DATASET EXTRACT:
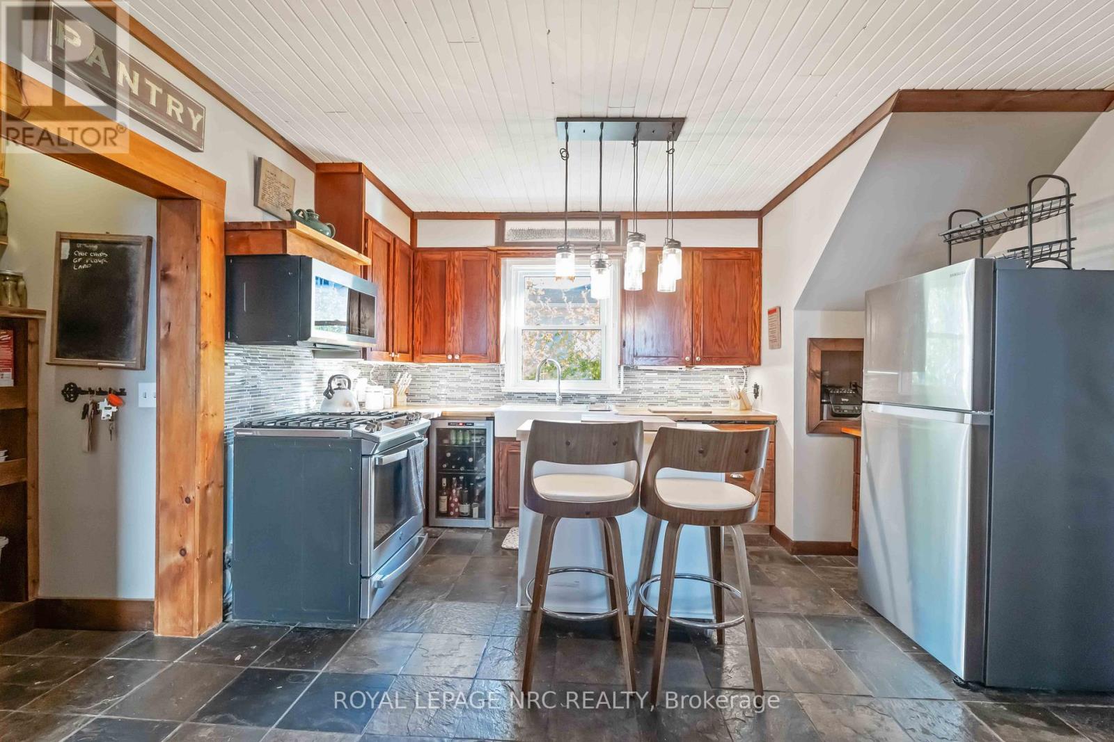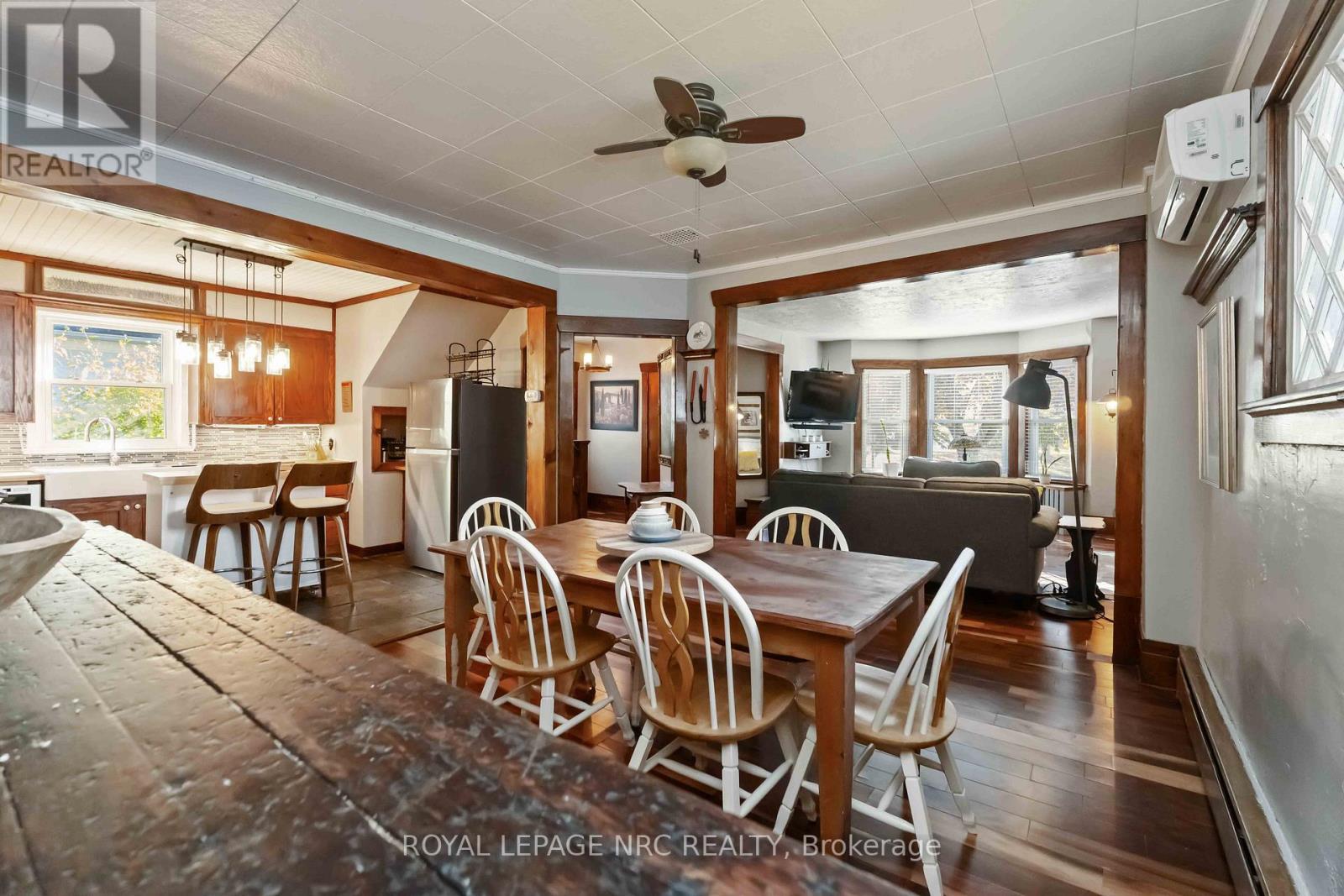 Welcome to 3638 Cutler Street -- a true character home that blends timeless old-world charm while offering an inviting open layout, perfect for todays lifestyle. From the moment you step inside, you'll feel the warmth and authenticity that make this property so special. The generous living room flows seamlessly into the spacious, character-filled dining room and kitchen, creating an open, airy feel that's perfect for everyday living or entertaining friends and family. The welcoming foyer, showcases the original staircase and rich wood trim, reflecting the craftsmanship of a bygone era. The main-floor primary bedroom is both practical and private, featuring sliding patio doors that open to the deck and hot tub, the perfect spot to unwind while enjoying the picturesque, treed backyard. This room has been changed to a tv/family room at present as it shows the 'flex-space' that it can serve as. The yard feels like a private retreat with plenty of room to relax. A convenient main-floor laundry room adds extra functionality. Throughout the home you will find unique architectural touches and character details - the granite fireplace that anchors the living room with warmth and style and the beautifully placed wood-framed windows that fill the home with natural light. Every corner offers something special, making this home truly stand apart from the ordinary. Set on a quiet street with wonderful curb appeal, this property offers the best of small-town living. You're just steps from the Friendship Trail and within easy walking distance to downtown Ridgeway, known for its charming boutiques, cozy coffee shops, restaurants, and the ever-popular farmers' market. Full of warmth, history, and heart, 3638 Cutler Street is not a cookie-cutter home - it's a rare find that perfectly combines character, comfort, and location in one remarkable package. (id:64974)
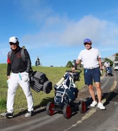 キャディバッグを担ぐか、手引きカートを使って、自分の足で27ホールをプレーすることがアイアンマンカップの醍醐味です。ただし、手引きカートの貸し出しなどは行なっておりませんので、ご使用される方はご自身でご持参いただく必要があります。
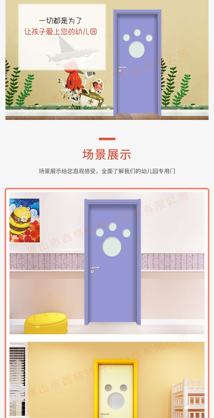 產品簡介:chnsige西格特種門,專業生產幼幼兒園門,木質幼兒園門,幼兒園教室門,幼兒園木門,防夾手門,幼兒園防夾手門,多鐘款式、顏色,尺寸可定制。

WORK TO COMPLETE: Omit any images, then output the listing exactly.

TASK RESULT:
 Welcome to 3638 Cutler Street -- a true character home that blends timeless old-world charm while offering an inviting open layout, perfect for todays lifestyle. From the moment you step inside, you'll feel the warmth and authenticity that make this property so special. The generous living room flows seamlessly into the spacious, character-filled dining room and kitchen, creating an open, airy feel that's perfect for everyday living or entertaining friends and family. The welcoming foyer, showcases the original staircase and rich wood trim, reflecting the craftsmanship of a bygone era. The main-floor primary bedroom is both practical and private, featuring sliding patio doors that open to the deck and hot tub, the perfect spot to unwind while enjoying the picturesque, treed backyard. This room has been changed to a tv/family room at present as it shows the 'flex-space' that it can serve as. The yard feels like a private retreat with plenty of room to relax. A convenient main-floor laundry room adds extra functionality. Throughout the home you will find unique architectural touches and character details - the granite fireplace that anchors the living room with warmth and style and the beautifully placed wood-framed windows that fill the home with natural light. Every corner offers something special, making this home truly stand apart from the ordinary. Set on a quiet street with wonderful curb appeal, this property offers the best of small-town living. You're just steps from the Friendship Trail and within easy walking distance to downtown Ridgeway, known for its charming boutiques, cozy coffee shops, restaurants, and the ever-popular farmers' market. Full of warmth, history, and heart, 3638 Cutler Street is not a cookie-cutter home - it's a rare find that perfectly combines character, comfort, and location in one remarkable package. (id:64974)
 キャディバッグを担ぐか、手引きカートを使って、自分の足で27ホールをプレーすることがアイアンマンカップの醍醐味です。ただし、手引きカートの貸し出しなどは行なっておりませんので、ご使用される方はご自身でご持参いただく必要があります。
 產品簡介:chnsige西格特種門,專業生產幼幼兒園門,木質幼兒園門,幼兒園教室門,幼兒園木門,防夾手門,幼兒園防夾手門,多鐘款式、顏色,尺寸可定制。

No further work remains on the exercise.